Leonard has run for office three times in the past, twice for the state Senate in 2010 and 2006, and once for governor in 1998. He ran once as a Republican and twice on the American Constitution Party ticket.
There were hints that some of what came off as showy-ness in Leonard’s objection to the PERA divestment bill and his dramatic move to call a COW amendment may have been tied to inexperience.
“He’s obviously very passionate about the issue, but I’m not sure he understood the gravity of what he did,” Moreno told The Statesman. “I suspect he didn’t understand that it’s very uncommon to run a cow amendment on something that has wide support.
“I know he wasn’t going to be here on Friday for the third reading, so I think he just wanted to voice his opposition in a recorded vote,” Moreno said. He added that Leonard likely didn’t understand that in the language of the Legislature he was making a fairly strident statement.
A COW amendment is like asking for a do-over because you think the vote was mis-tabulated, Moreno explained, but this vote wasn’t mis-tabulated.
Leonard told The Statesman he was motivated to act on this bill only because it stood out to him.
“So many bills are health and human services and the like, but this one was about foreign affairs.”
“Look,” he said, “I take seriously what George Washington said.
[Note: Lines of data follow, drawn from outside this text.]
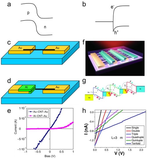 (a,b) Sketch of a p-n junction (a) and a Schottky junction (b). (c–e) Fabrication process of Au–CNT–Au (c) and Al–CNT–Au (d) photodiodes using a single CNT; and their I–V characteristics (e). (c–e) Modified from Ref. []. (f–h) Schematic structure of the cascade photovoltaic module consisting of N = 3 cells connected in series with two virtual contacts (f); corresponding energy band diagram illustrating the excitation and carrier accumulation process under light illumination (g); and corresponding I–V characteristics of the tandem cells with N = 1 (black), 2 (red), 3 (blue), 4 (pink), 5 (green), and 10 (Navy blue) individual cell in series during the measurements (h). Devices were measured under an incident power of 5.78 W cm−2 with λ = 1800 nm. Reproduced from Ref. [] with permission from Wiley.
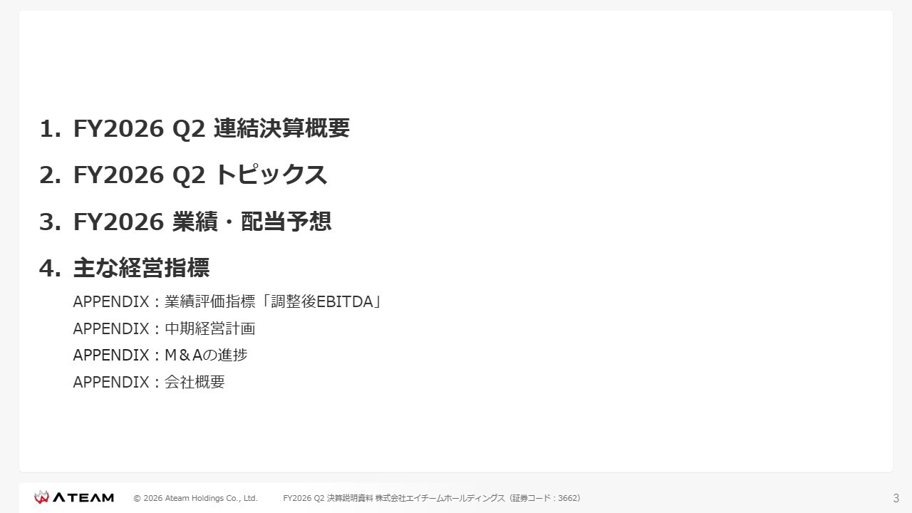 林高生氏:株式会社エイチームホールディングスFY2026第2四半期の決算説明をご覧いただき、ありがとうございます。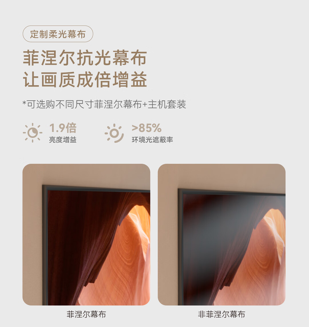 峰米 120英寸菲涅尔柔性抗光屏家用高清幕布超短焦投影仪激光电视抗光屏幕布家庭影院客厅璧挂贴墙 黑色
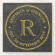 Gold Monogram Black Leather Wedding Anniversary Glass Coaster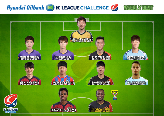 공격수 부문에는 조엘손과 함께 '대전의 득점머신' 아드리아노가 선정됐다. 베스트 미드필더에는 조나탄(대구) 한석종(강원) 권용현(수원FC) 황진산(대전)이, 최고 수비수로는 이준희(대구) 김오규(강원) 박 민 김태봉(이상 안양)이 뽑혔다. 강원의 황교충이 베스트골키퍼가 됐다.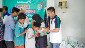 Dekan FMIPA UII, Prof. Riyanto, S.Pd., M.Si., Ph.D. serahkan bantuan sosial. (foto: Pan FMIPA Charity)
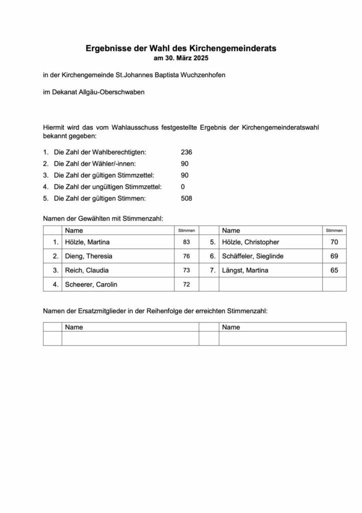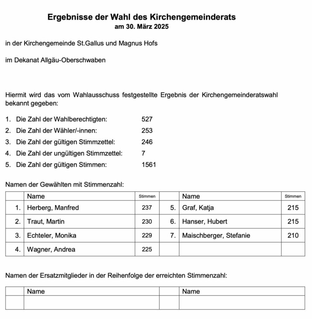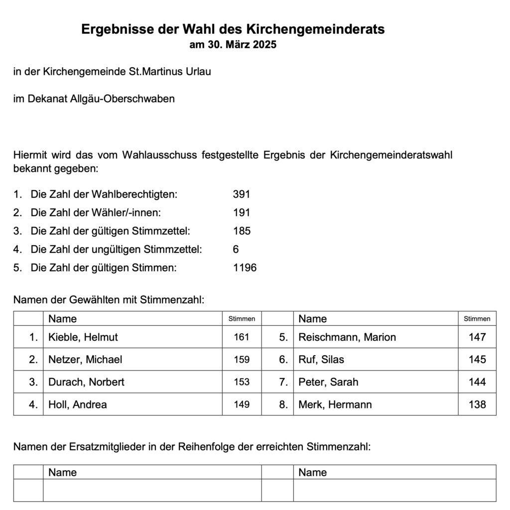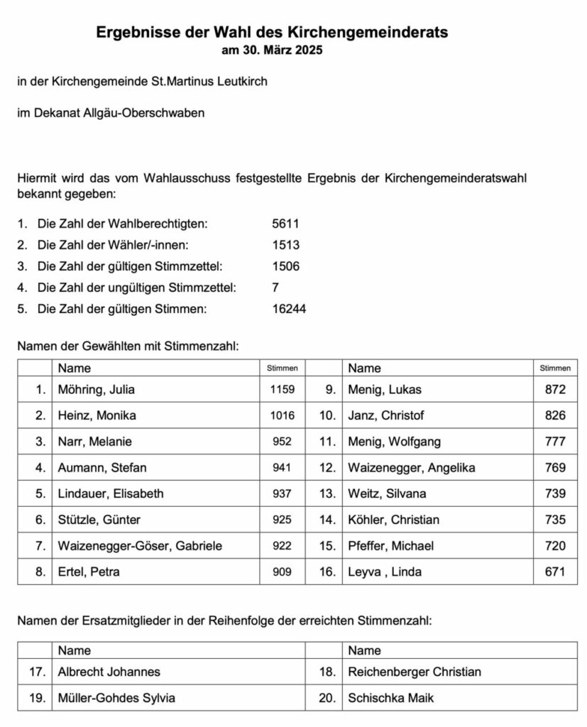 Leutkirch (rei) – In den sieben katholischen Kirchengemeinden der Seelsorgeeinheit Leutkirch (SE) waren bei den Kirchengemeinderatswahlen am 30. März 7493 Katholiken über 16 Jahre wahlberechtigt. Von diesen gingen 2389 zur Wahl. Das ergibt eine Wahlbeteiligung in der gesamten SE von 31,9 Prozent (zum Vergleich: In der gesamten Diözese Rottenburg-Stuttgart gingen 22,6 Prozent der Katholiken zur KGR-Wahl; im Dekanat Allgäu-Oberschwaben waren es 30,1 Prozent). Die höchste Wahlbeteiligung in der SE Leutkirch hatte die kleinste der sieben Pfarreien: Ottmannshofen. Dort gingen 60,7 Prozent der 117 Wahlberechtigten zur Wahl. Das Pfarrsekretariat in Leutkirch hat uns nachstehende Ergebnisse übermittelt: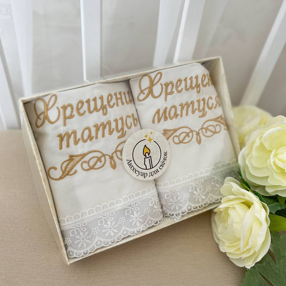 В комплект входят две изысканные салфетки-юбочки из поплина для крестильных свечей - обычно для обряда используют две свечи (но иногда 4 штуки): одна крёстной матери, другая крёстному отцу.
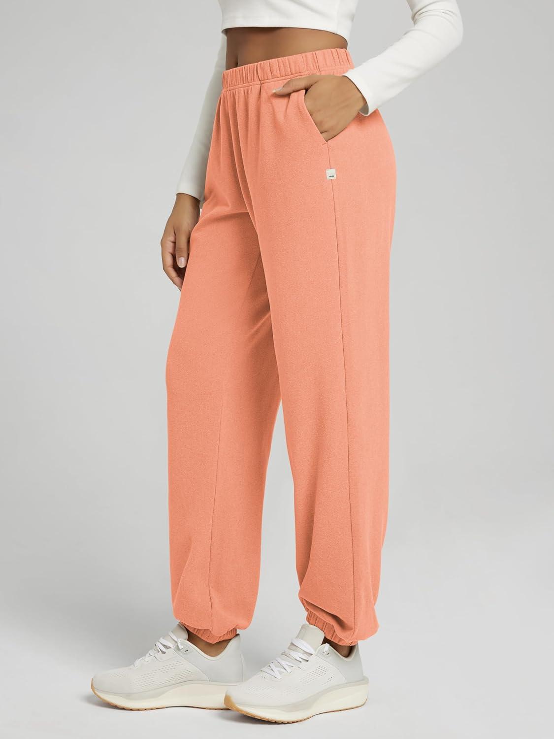 ODODOS Women's Brushed Fleece Jogger Sweatpants – Cozy Warm Adjustable High-Rise Relaxed Lounge Pants with Pockets(Coral Heather)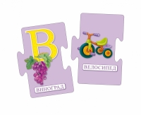 - 35 двусторонних карточек-пазлов с изображением буквы, предмета на эту букву и его названия.Карточки можно соединять между собой (каждой карточке с буквой соответствует картинка с изображением предмета, название которого начинается на эту букву). Малышу нужно найти и соединить буквы и картинки, чтобы он не запутался, пары выделены одним цветом.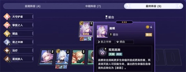 主C选用遐蝶,借助燃血与夜之半神的双重羁绊,来达成爆发输出与资源收益的效果。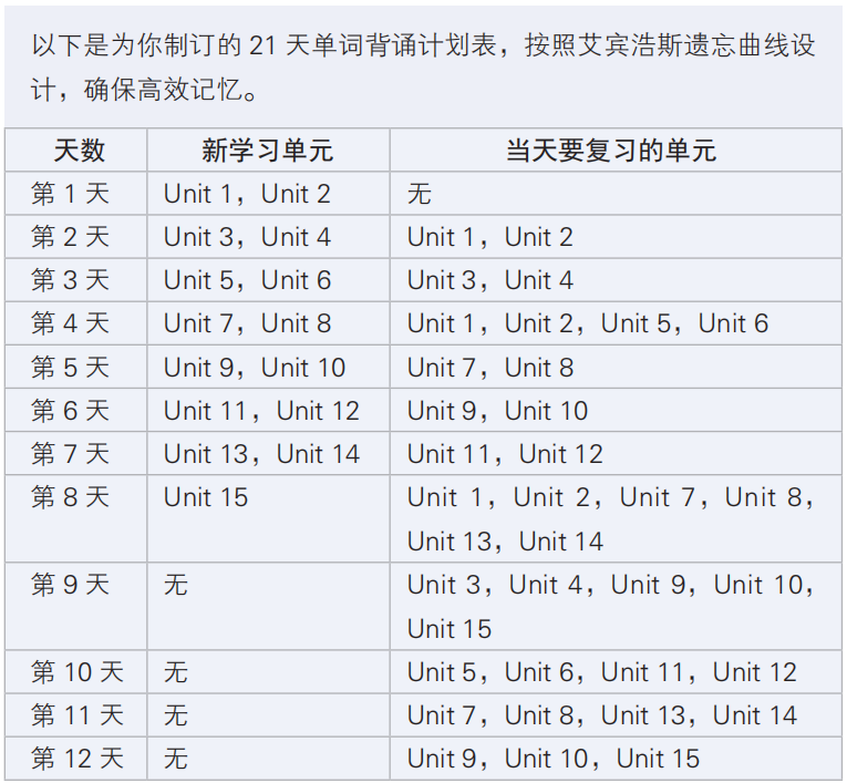 例如,你可以在 DeepSeek 中输入:“我要在21 天内背 15 个单元的单词,每个单元约含 100 个单词,我计划每天新学习 2 个单元左右,每个单元都是在学习之后的第 1、2、4、8、15天进行复习。帮我生成一份单词复习计划,请列出一张表格,第一列表示天数,第二列表示新学习单元,第三列表示当天要复习的单元。”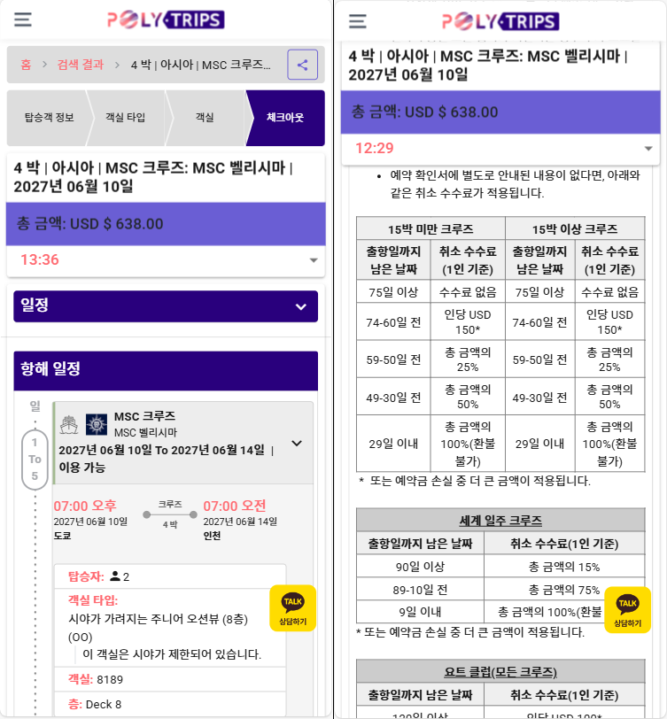 11. MSC 크루즈 선사 예약 확인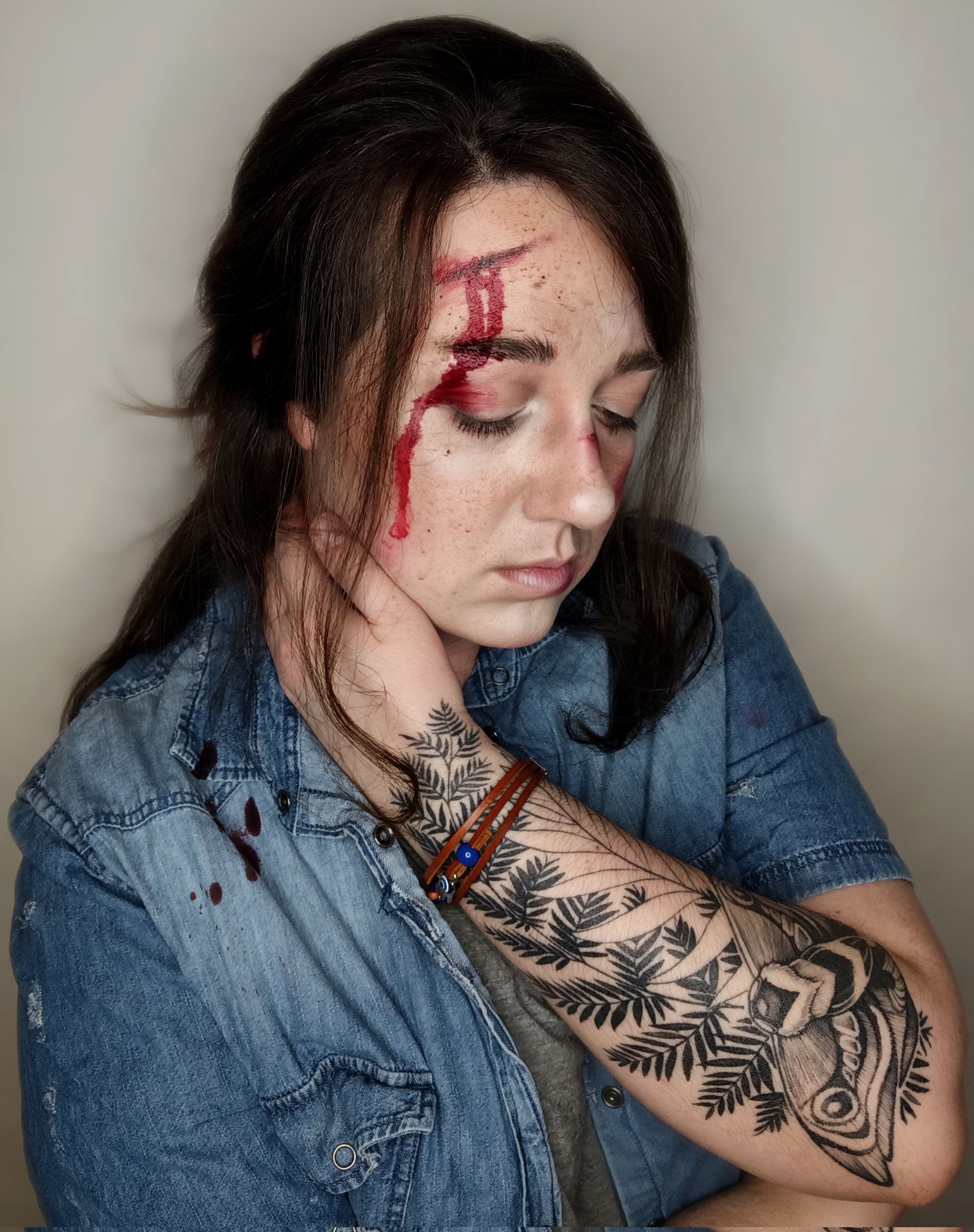 Charlène vit sa passion pour le cosplay et le make up sous le pseudo WHYƎWM. Aloy, Lara Croft, Nathan Drake… Elle met tout son talent à l’œuvre pour se transformer en des héros de jeu vidéo cultes. Mais quand il s’agit d’incarner Ellie, sa passion va au-delà du cosplay. De fait, elle a adopté le tatouage de l’héroïne, une création réalisée par le tattoo artist Le Testament. Celui-ci opère au salon Les Enfants particuliers, à Nancy.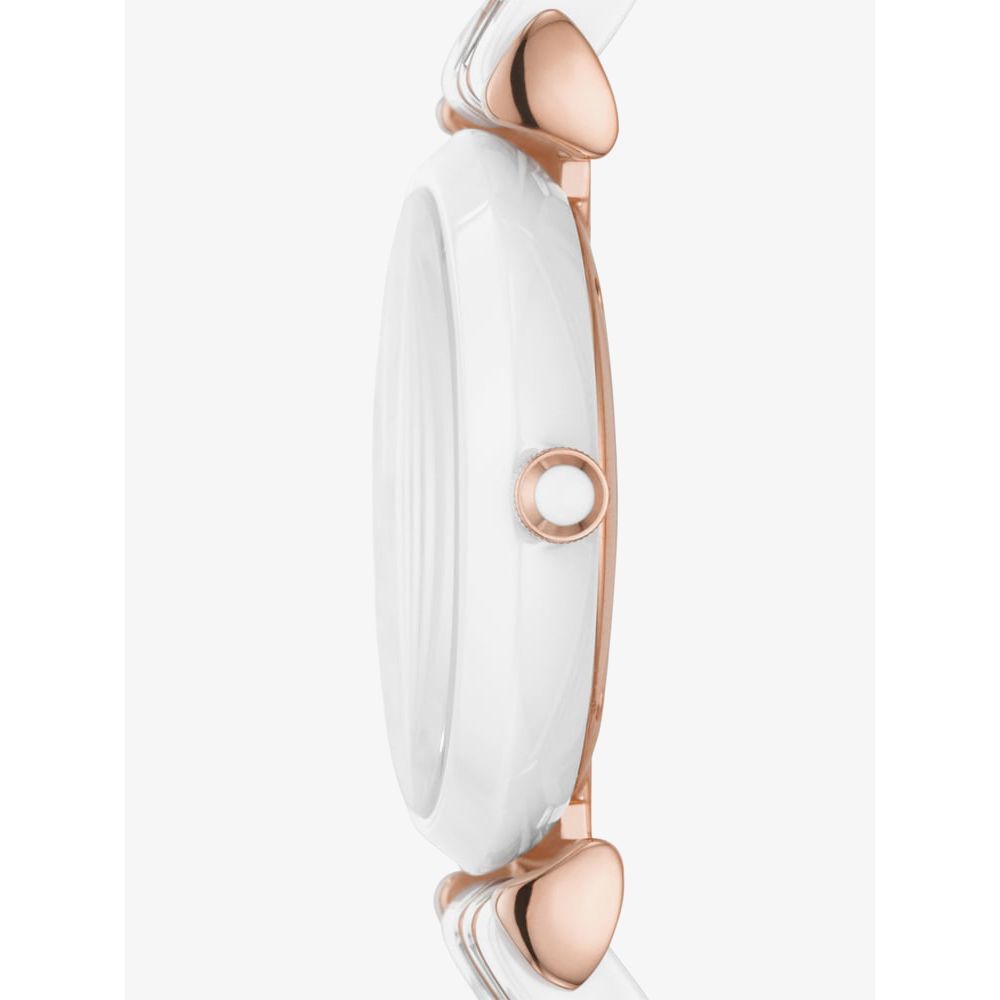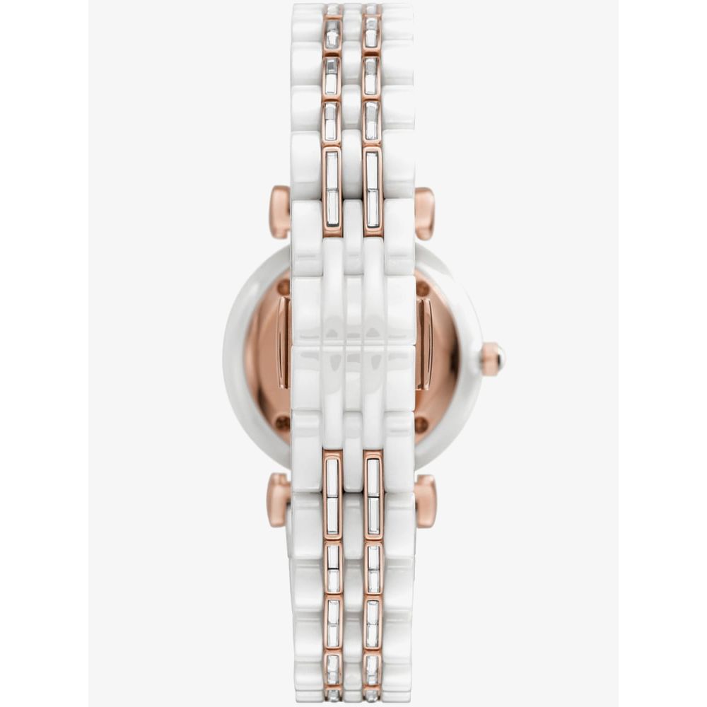 This luxurious Ladies' watch is bought to us by Emporio Armani. Featuring stainless steel and ceramic case, housing a white mother-of-pearl dial with rose gold-tone accents. It is completed with a two-colour ceramic bracelet encrusted with clear baguette cut stones with rose gold-tone accents and a push button deployment clasp.

He advised us against involving our country in foreign entanglements, let alone a state in our country. There’s no upside to this.”
Leonard said that the only point he intended to make Thursday was exactly the point he articulated on the House floor. He said he isn’t anti-Israel and that he wasn’t trying to out-conservative his colleagues.
“I can’t answer for any other hypothetical interpretations,” he said.